1) Total Quality Management

2) JIT

3) Total Employee Involvement

While the House of Lean has a pillar named Respect for People, in practice most organizations focus on process improvement and workplace organization and overlook worker involvement. Particularly in Six Sigma the worker is often pushed aside while the experts determine the improvements.

 

Peter Drucker

Peter Drucker considered his most important contribution to be the concept of the responsible worker and the self-governing plant community. He formulated much of his thinking on this topic during his project with General Motors in the early 1940s, well before the Toyota Production System came on the scene. One of Drucker’s biggest disappointments was his apparent failure to convince US automakers to use these concepts, while Japanese companies seemed to pick them up and run.

Part of the critical change component – strong leadership – involves empowering people at the point of work. Be sure any improvement opportunities include that consideration.

© 2013 – Rick Pay – All Rights Reserved.

Are Your Operations Truly Agile and Flexible?

Many Operations organizations seem to plateau after several years of implementing continuous improvement, Lean or Six Sigma. I believe that the next step is to become truly agile and flexible. But what does that mean?

Agility is the ability to think quickly and make quick and well coordinated movements. The key here is quick. I see many organizations take forever to solve problems and develop new innovations. One client I have is struggling to improve shipped on time, with many meetings, excuses and delays. Being agile would suggest that we should see initial significant results in 90 days or less.
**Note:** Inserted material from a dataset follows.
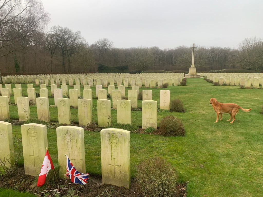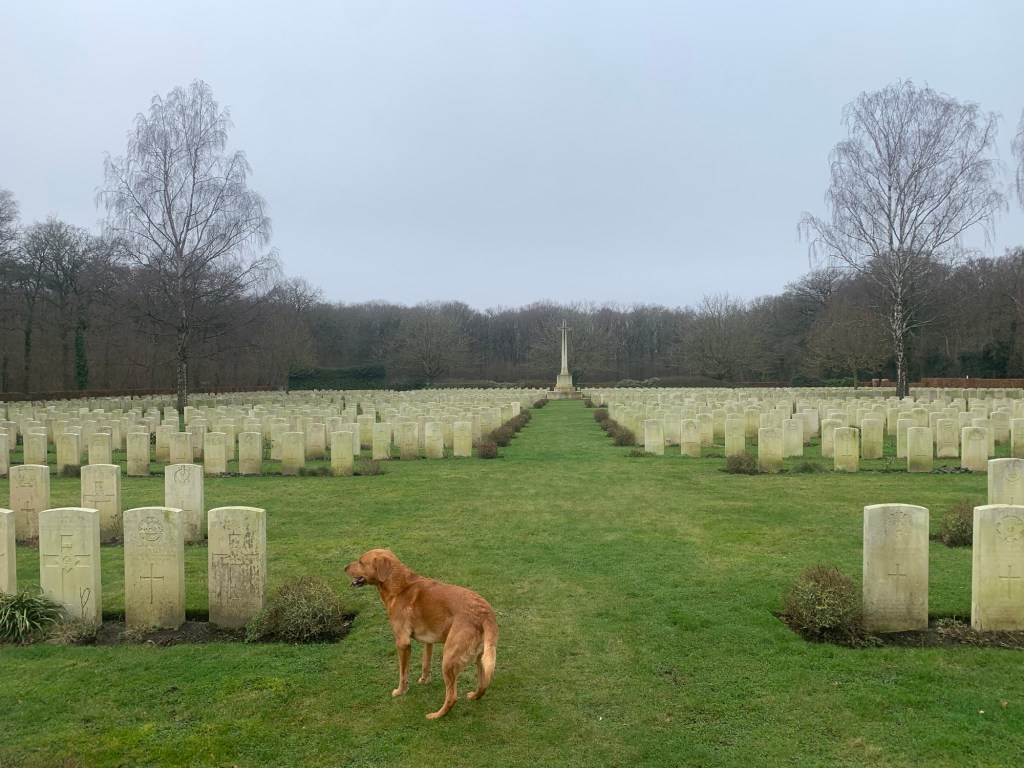 Otherwise, it was a wet day, but good enough to get out for a few hours. We walked the Saint Sixtus Trail, an 8 kilometre wander through the local farms and forests, taking in Dozinghem Military Cemetery.

There is a Japanese term for this – Kaikaku – which means quick, revolutionary change. Agile thinking helps.

Flexibility includes the ability to bend without breaking, susceptibility to modification, and willingness to yield. Two key words there are susceptibility and willingness, because the great measure of flexibility is in your head. Organizations need to be willing to make the necessary changes to get where they want to go. So many companies struggle with change initiatives simply because they aren’t really willing to change, don’t believe they can, or are locked into the old ways of doing things.

To truly move to the next level, organizations need to be agile and flexible.